途中、長い横木が必要になる場面もありました。周囲を見渡し、枯れかかった木を選び出して活用。
また、杭が足りないと判断した部員は、迷うことなく山道を駆けて小屋へと戻ります。

誰かが指示するわけでもなく、
それぞれが考え、動き、補い合う――
そんな積み重ねの中で、作業は着実に形になっていきました。
午後からの短い時間でしたが、12名の力がひとつになり、無事に作業は終了。
ヤマボウシ小屋へ戻るその足取りは、どこか軽く、そして少しだけ誇らしげでした。
新しい年度のはじまりにふさわしい、確かな一歩となりました。(T.Y)

保全作業 大蔵登山道🌲

3月7日。
昨日の雨も、いつの間にか止みました。
少し肌寒い朝の皿倉山。

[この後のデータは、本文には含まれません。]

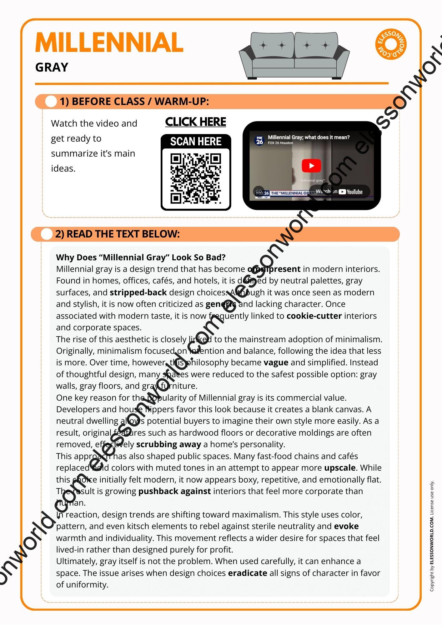 This B2–C1 ESL lesson plan explores the concept of Millennial gray and contemporary interior design trends, encouraging learners to analyze aesthetics, consumer culture, and the emotional impact of design choices. Through in-depth reading, advanced vocabulary work, image-based discussions, and video exploration, students practice descriptive adjectives, and critical-thinking skills. The lesson tackles topics such as minimalism, cookie-cutter interiors, corporate aesthetics, and the shift toward maximalism, making it ideal for discussion-heavy, intellectually engaging ESL classes. The user-friendly digital format allows easy navigation in presentation mode with just a click of the spacebar, requiring no additional software.
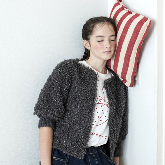 この本では赤の他に、チャコールカラーも編んでみました。もけもけ+可愛いカラーネップのおかげで、おとなしい色でもちゃんと主張があり、羽織るだけでいつものコーディネートをグッとおしゃれにしてくれます。カラーネップもさすがROWAN、色も量も、おしゃれさが際立つ素敵な糸です。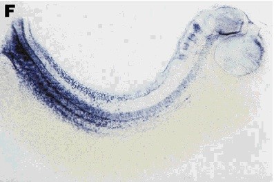 thbs1 (thrombospondin 1) gene expression in Xenopus laevis embryo, NF stage 40, assayed by in situ hybridization, lateral view, anterior right, dorsal up.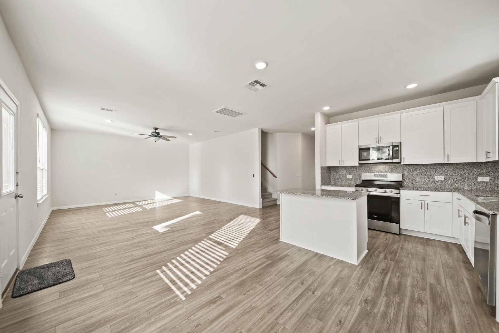 Welcome to this beautifully designed two-story home offering four spacious bedrooms and three full baths, thoughtfully crafted for both comfort and style. The main floor features an open-concept layout where the kitchen, dining area and living room flow seamlessly together, creating an inviting atmosphere perfect for everyday living and entertaining. Natural light fills the space, highlighting the modern finishes and the warm, welcoming feel of the home.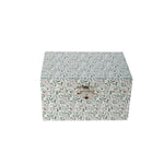 سيحتوي هذا الصندوق الرائع على كل كنوزك! سوف تسقط في حب طباعة الأوراق الخضراء الجميلة. ما عليك سوى تدوير القرص الموجود في الجزء الخلفي من الصندوق وعند فتحه ، يكشف هذا الصندوق عن راقصة نجمة وردية جميلة سترقص. سوف تدور على لحن جميل. في الداخل ، تجعله خامته المخملية الناعمة حقيبة فاخرة وكبيرة لحمل قلادة وخاتم وسوار.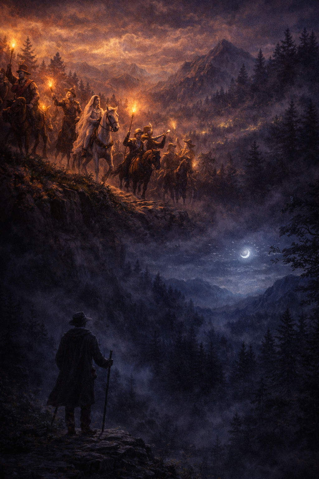 Der erste Vers beschreibt eine „Hochzeit“ – Bild von Gemeinschaft und Festlichkeit. Doch sie ist eingebettet in Natur: „den Berg entlang“ bewegt sie sich halbwegs wild.
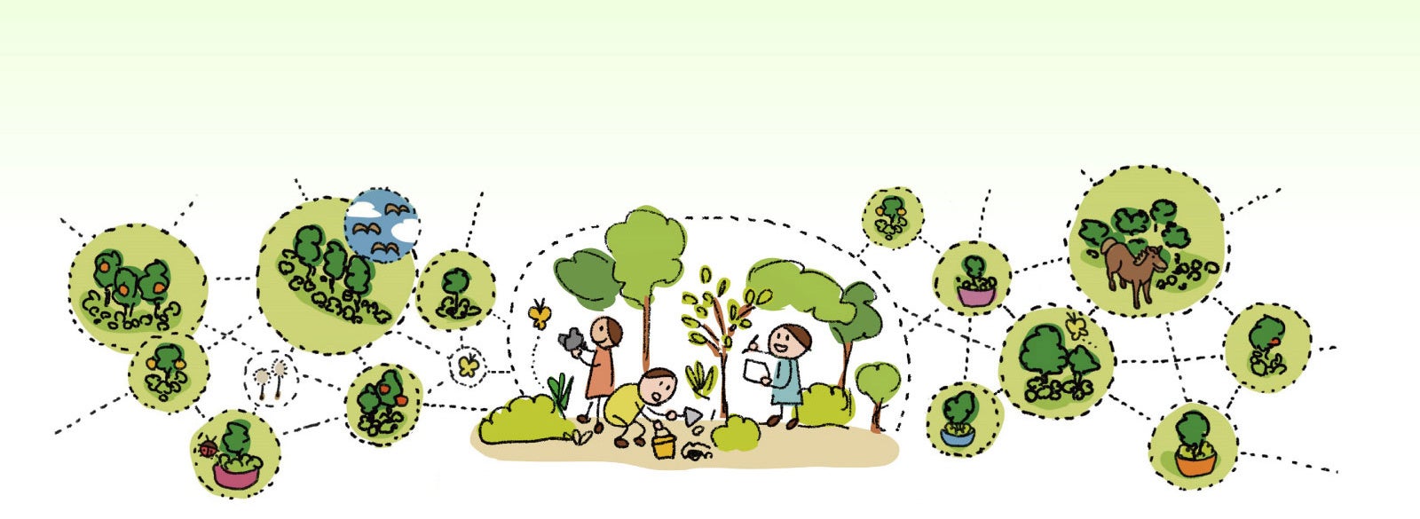 多様な植物や生物を観察する、収穫した果実や野菜を口にする、といった体験を通じて、自然の豊かさや生態系の存在を意識するきっかけをつくり、生物多様性を高めるために人間ができることは何か、子どもたちに考えてもらいます。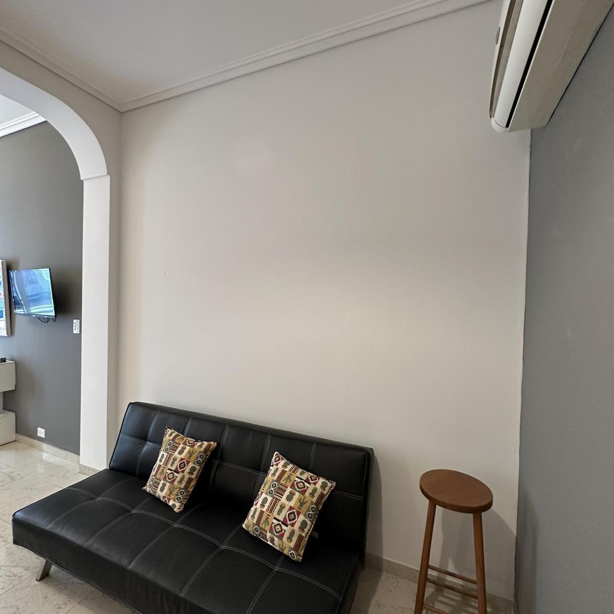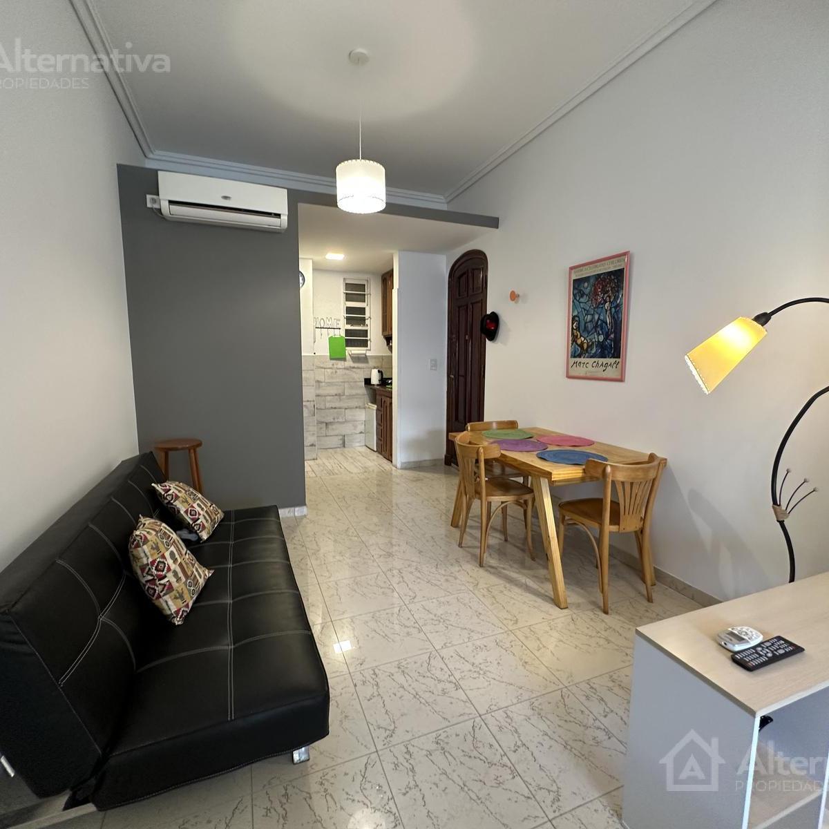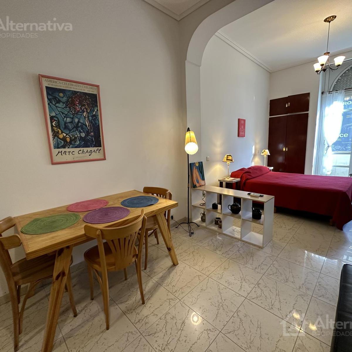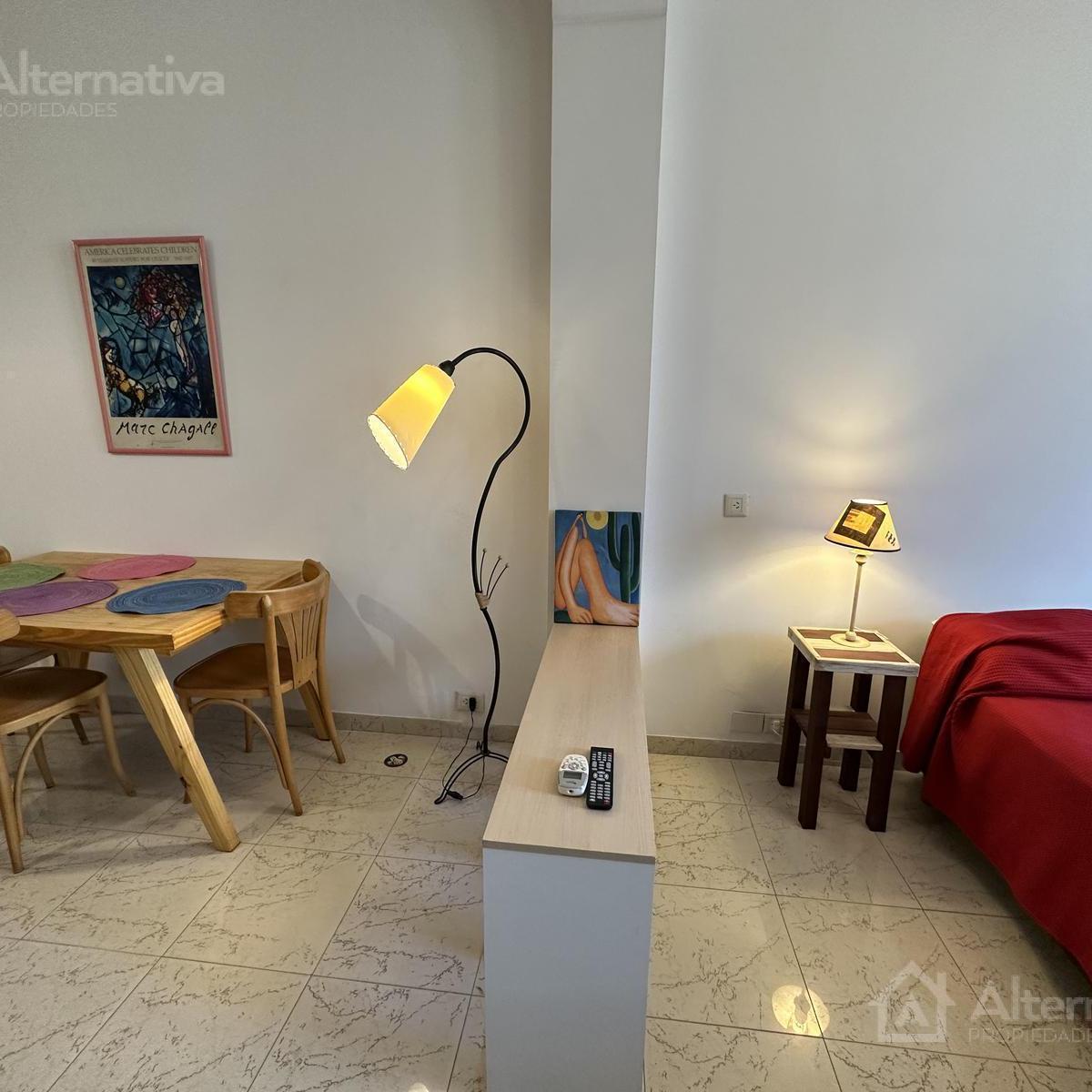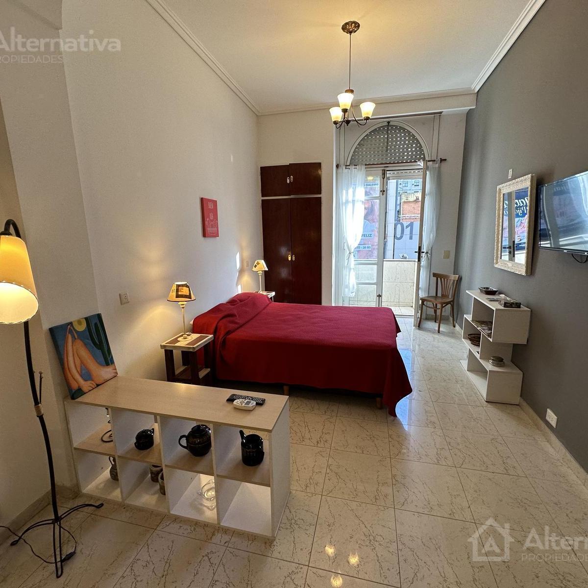 Квартира-студия в San Nicolás, с балконом с видом на улицу. В комнате есть футон (3 секции), обеденный стол на 4 стула, мебель-разделитель, торшер, двуспальная кровать, прикроватные тумбы и встроенный шкаф, сейф, кондиционер и Smart TV. Кухня интегрирована и оснащена индукционной плитой (anafe), электрочайником, микроволновой печью, холодильником с морозильной камерой; в ванной с душем установлена сантехника с горячей и холодной водой. В стоимость включены коммунальные платежи здания и услуги с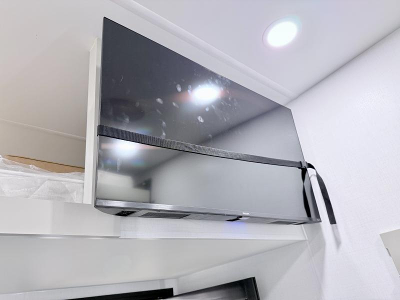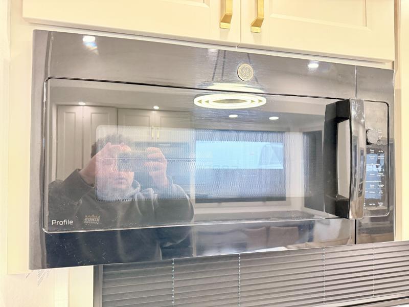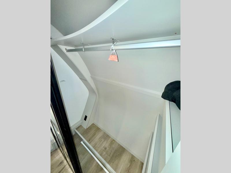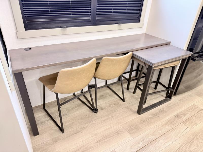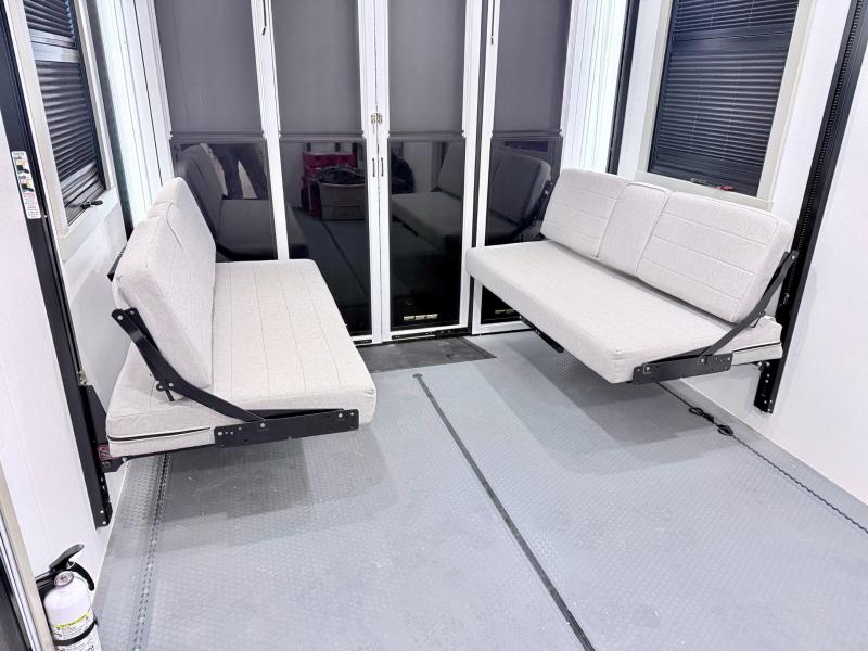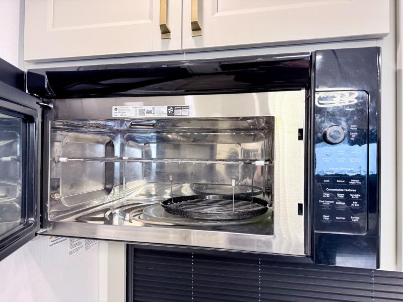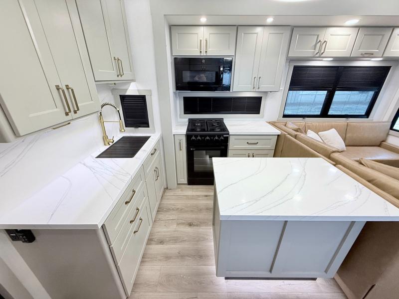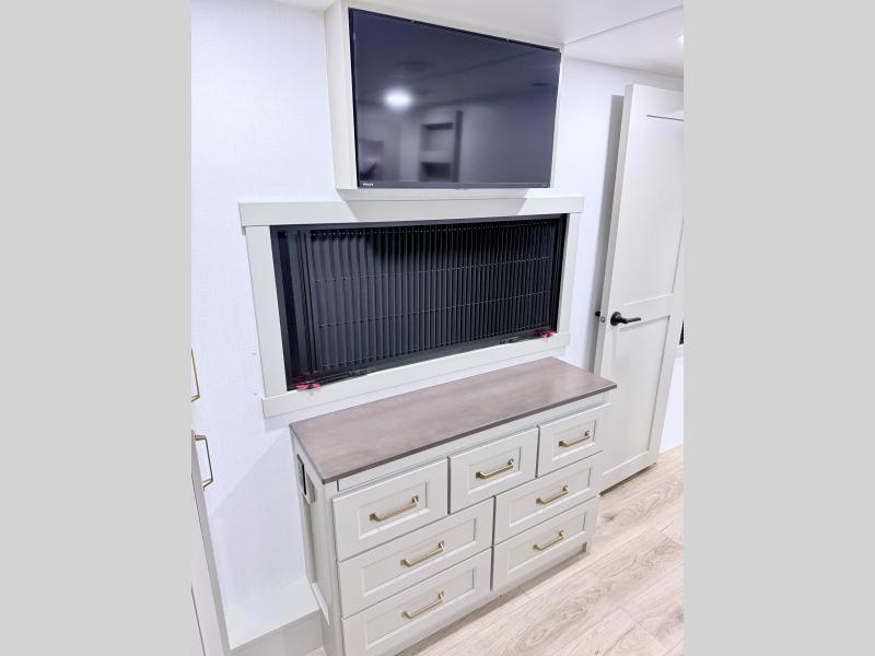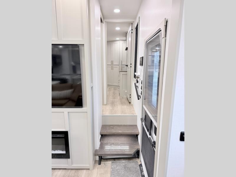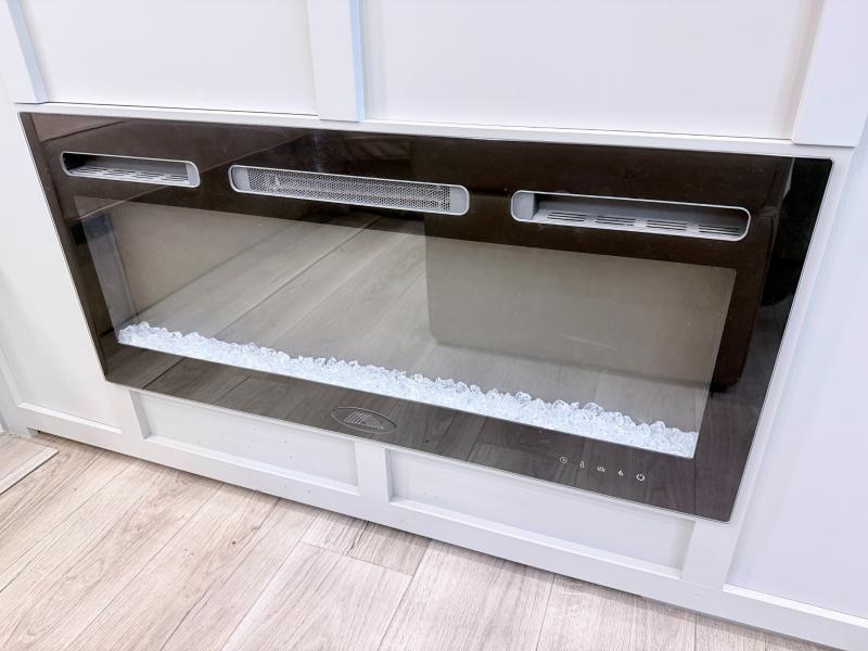 This toy hauler may just be the one you've been looking for! The garage/flex space with fold-away half bath walls will allow you to utilize the garage how you need it, plus there is an adjustable tie-down system, independent dual sofas, plus a loft for storage and a twin bed to sleep more campers! The garage patio with a 1,500 lb. capacity is another feature you are sure to love, especially with its own awning to keep you protected from the elements. Head to the kitchen to prepare meals with a 24" GE oven with a four burner range, a GE microwave with an air fryer, plus a spacious GE Energy Star 19 cu. ft. refrigerator. The island with two stools will let others visit with you while you cook, and there are even hidden dog bowls. You'll find the convertible dining table/L-desk will be accommodating since it can be use to dine at, and to get some work done. You may just find yourselves spending most of your time on the L-sofa in front of the TV and fireplace. A full bath is up front by the bedroom, and here you'll find neon shower lighting, a residential shower system, and pull-out linen storage to keep towels ready to use. After a day outdoors you'll love nothing more than coming back to your own bedroom with a king bed slide out, TV, a walk-in closet, and many more storage spaces. And we haven't even touched on the exterior features, like the 3-way pass-through storage, three power awnings, an air compressor to fill up tires, and the list goes on and on!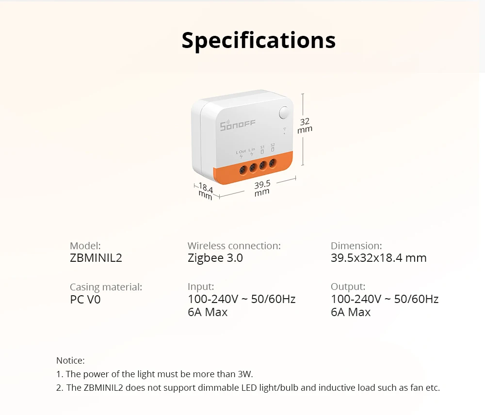 【Simple and Reliable】As a Zigbee 3.0 switch, ZBMINIL2 can combine with Zigbee hubs to form a home LAN,No longer worry about no internet, you are able to freely control the appliances normally even the light is as low as 3W, no anti-flicker module is required.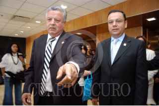 MÉXICO D.F. 27FEBRERO2007.- El diputado Jorge Zermeño del PAN presidente de la mesa directiva en la cámara y Germán Matínez Cazares secretario de la función pública, a su salida del pronunciamiento de controladores, esto en el Palacio Legislativo. FOTO: GUILLERMO PEREA/CUARTOSCURO.COM

ヤマボウシ小屋には、12人の仲間が集まります。
今日の保全作業は、大蔵登山道コース。
2月のパトロールで見つけた課題を、一つひとつ確かめながらの作業です。

「ここには頂上方面への標識を」
「この横断溝は掘り直そう」
「階段も2本、しっかり直しておこう」
みんなで確認を終えると、道具を肩に森の中へ出発しました。

落ち葉や土砂に埋もれてしまった横断溝。
唐鍬を手に、それぞれが腰をかがめ、丁寧に掘り起こしていきます。
水がまた気持ちよく流れるように――
静かな森の中で、コツン、コツンと土を削る音が響きます。

続いては階段の整備。
運んできた2本の横木を使い、ぐらついた足元をしっかりと直していきます。
登山道を歩く人たちが、安心して足を運べるように。

二つの仕事が終わるころ、時計の針はもう正午を過ぎていました。
短い昼食でひと息ついたあと、今度は2チームに分かれて作業です。
ひとつのチームは山側の土を削り、登山道を広く。
もうひとつのチームは、伸びてきた笹の葉を刈り、歩きやすい道に。

みんなの力を合わせて、今日の保全作業も無事に終了。
帰り道、ふと見上げると――
道ばたの河津桜が、見事に咲いていました。
「おつかれさま」
そんなふうに、やさしく声をかけてくれているようでした。

午後2時すぎ。
ヤマボウシ小屋へ到着。
道具をきれいに洗い、元の場所へ丁寧に片付けます。
これもまた、保全部員の大切な仕事。

朝から歩き、掘り、直し、刈り、整えてきた登山道。誰かに見せるためでも、褒めてもらうためでもありません。
ただ、次にこの道を歩く人が少しだけ歩きやすくなるように。
この山が、これからも気持ちよく迎えてくれるように。